Raman spectroscopie is a unique method to non-invasively study pharmacokinetics
of PPD in vivo.[21] Knowledge regarding penetration, distribution and
metabolism is necessary to unravel the to date unknown mechanism of
sensitization to PPD. When more knowledge on the pathway of sensitization in
present, we may react to the field of prevention as well as the field of
treatment. For the future, this may contribute to decreasing the prevalence of
allergic contact dermatitis to PPD in the general population. In terms of these
interests, we consider the negligible risks acceptable. Furthermore,
application of the 1%PPD patchtest, needed for this experiment, is being used
as a general diagnostic tool on a considerable amount of subjects of the
dermatology department.[12] PPD has been included in the European Standard
Series (a series with several, common contact allergens) which has been
selected after extensive consideration and repeated evaluation by the European
Society of Contact Dermatitis. [13] An allergen is being tested in a
concentration that maximizes the number of sensitized subjects being detected,
while the risk of active sensitization is as low as possible.[14] Scientific
studies show that patch testing with PPD on subjects which have not been
sensitized prior to the test, or which only showed one positive reaction, do
not cause active sensitization and can be can be performed with minimal risk.

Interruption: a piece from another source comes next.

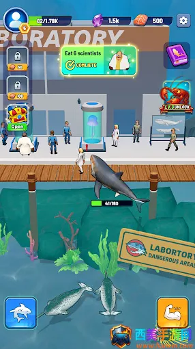 2. 丰富玩法体验:拖动屏幕操控鲨鱼吞噬,获取食物资源升级能力,解锁图鉴、完成任务赢取奖励,还有强大BOSS等你挑战,成功后前往新区域。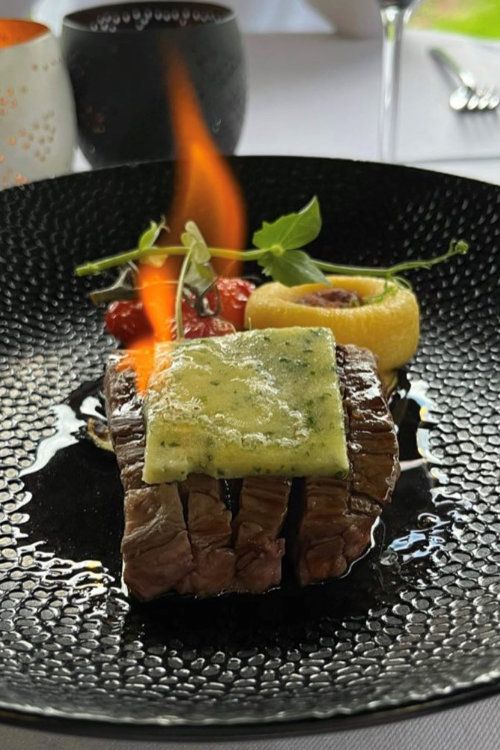 Runderbavette met kruidenkorst geflambeerd aan tafel, jus van rook & zwarte knoflook, polenta-taartje en gepofte cerise tomaat

[14,15] Furthermore, the dose to which subjects will be exposed (in regular
patch tests as well in this pilot study) is much lower than the dose in f.e.
hair dyeing. [16]


The objective of these experiments is to study the pharmacokinetics of PPD in
the skin. Using six healthy volunteers, allows us to get a clear image. For the
future, this may help to distract a protocol (optimal application times and
follow-up measurements) for experiments on other healthy volunteers and/or
sensitized patients, which then will be less time consuming.